The article reports that the IEA had taken a new look at the data used in the Intergovernmental Panel for Climatic Change (IPCC) reports. These reports, which became the basis for warnings of dramatic human-caused global warming that led to calls for extensive regulation and to the current climate change conference in Copenhagen, are based on world temperature estimates using measurements from thousands of reporting sites throughout the world.

Novosti reported that the data used for temperature measurements in Russia appeared to have been carefully chosen from the warmest reporting sites. If an average were taken over all Russian reporting sites, then there was little or no warming to report.

Using only the sites chosen for the IPCC reports, Russia instead showed significant warming, with a “hot spot” over Eastern Siberia.

This story turned out to fit neatly with some of the CRU emails. As Steve McIntyre discusses at Climate Audit, one email from Phil Jones to Michael Mann says:

Recently rejected two papers (one for JGR and for GRL) from people saying CRU has it wrong over Siberia. Went to town in both reviews, hopefully successfully. If either appears I will be very surprised, but you never know with GRL.

So here’s a puzzle. What papers is Jones referring to, and how did they claim CRU had it “wrong over Siberia”?

While the Novosti report has gotten the most attention, it’s not the only such report. The Climategate files forced the UK Meteorological Office to make at least part of their raw data available. One of the first was Willis Eschenbach, at Watts Up With That. Read the whole discussion and also Eschenbach’s answer to a critique published in the Economist for the details, but here is the “money shot”:

download

In this figure, the blue line is the raw data. The black line is the adjustments that had been applied to that data, and the red line is the result following the adjustments.

The next domino was a study by Dr. Richard Keen of the University of Colorado that was reported at the Air Vent blog. In it, Dr. Keen compares the raw data from the National Climate Data Center (NCDC) with data from the Global Climate historical network, the adjusted data as published in the IPCC report. Dr. Keen finds that the raw data does indeed show an upward trend of 0.69°C per century, which he believes is explained by the “Pacific Decadal Oscillator,” a well known long-term phenomenon.

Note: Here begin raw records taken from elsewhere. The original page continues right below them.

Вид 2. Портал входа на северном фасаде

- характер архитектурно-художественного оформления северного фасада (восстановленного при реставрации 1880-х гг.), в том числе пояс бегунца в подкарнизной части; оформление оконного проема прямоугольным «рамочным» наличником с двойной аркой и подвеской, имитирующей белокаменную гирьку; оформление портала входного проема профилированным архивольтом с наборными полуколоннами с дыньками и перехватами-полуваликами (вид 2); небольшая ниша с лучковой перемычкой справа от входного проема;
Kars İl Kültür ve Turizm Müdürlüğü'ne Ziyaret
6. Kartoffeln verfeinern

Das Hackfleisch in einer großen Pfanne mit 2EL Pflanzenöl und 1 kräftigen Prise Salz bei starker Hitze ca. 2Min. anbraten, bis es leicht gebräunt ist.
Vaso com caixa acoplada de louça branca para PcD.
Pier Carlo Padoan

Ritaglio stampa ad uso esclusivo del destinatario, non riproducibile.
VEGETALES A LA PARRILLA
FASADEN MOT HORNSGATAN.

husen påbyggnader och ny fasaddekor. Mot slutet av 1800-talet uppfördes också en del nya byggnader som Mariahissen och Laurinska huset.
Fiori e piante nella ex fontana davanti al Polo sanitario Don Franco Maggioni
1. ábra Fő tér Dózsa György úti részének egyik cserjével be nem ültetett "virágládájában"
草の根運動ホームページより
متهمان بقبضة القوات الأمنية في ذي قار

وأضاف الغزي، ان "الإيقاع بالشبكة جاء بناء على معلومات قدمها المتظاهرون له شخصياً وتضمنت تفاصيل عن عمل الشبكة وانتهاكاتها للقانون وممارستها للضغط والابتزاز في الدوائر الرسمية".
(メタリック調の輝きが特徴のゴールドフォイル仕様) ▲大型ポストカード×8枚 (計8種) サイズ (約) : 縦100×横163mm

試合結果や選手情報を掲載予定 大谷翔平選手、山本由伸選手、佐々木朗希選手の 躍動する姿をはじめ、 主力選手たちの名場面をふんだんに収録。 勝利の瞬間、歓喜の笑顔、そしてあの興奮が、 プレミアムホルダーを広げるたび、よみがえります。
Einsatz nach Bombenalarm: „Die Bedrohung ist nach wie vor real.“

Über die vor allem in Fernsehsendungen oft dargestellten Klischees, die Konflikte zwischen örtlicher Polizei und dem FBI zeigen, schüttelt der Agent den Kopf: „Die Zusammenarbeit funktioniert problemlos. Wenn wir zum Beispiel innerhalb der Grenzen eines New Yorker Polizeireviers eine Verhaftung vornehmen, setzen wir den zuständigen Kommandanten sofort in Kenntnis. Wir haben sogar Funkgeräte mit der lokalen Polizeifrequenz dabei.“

The data used by the IPCC instead shows warming four times greater, 2.8°C per century, an adjustment of about 2°C.

Other such comparisons followed: Data from around Nashville; data collected in Antarctica, which, after adjustment, comes out to be from a single site near the ocean; data from the Baltic and Scandinavian countries; even in Central Park.

In all of these cases, there are mysterious, unexplained warming adjustments for the last part of the century.

It ought to be said that these adjustments don’t necessarily prove the data has been purposefully fudged. Handling this kind of large data set requires using statistical techniques to try and make the data consistent. (Dr. William M. Briggs, a Pajamas Media contributor, has a nice series starting here for people who want to read the technical details.) On the other hand, at some point we have to remember Goldfinger’s Law: Once is accident, twice coincidence, three times is enemy action. And the problem is, without the raw data, and without a clear explanation of the process by which the data has been adjusted — something that seems unlikely in light of the HARRY_READ_ME.txt file — there is no way to tell what the adjustments are based on. The CRU clique asks us to trust them, when the history in the Climategate emails doesn’t say much to encourage trust.

What can be said is this: We now have substantial evidence, from several independent sources, that the data used as the basis for the IPCC report has been adjusted in undocumented ways, and those adjustments account for nearly all the warming we are told has been caused by humans.

Until the data is re-examined, fully, openly, and transparently, it is impossible to conclude how much of a contribution to global climate change humans have made, or whether that contribution has been made by human-generated CO2. And without knowing that, attempts to “fix the problem,” through cap and trade or Copenhagen agreements, is misguided at best — and dangerous at worst.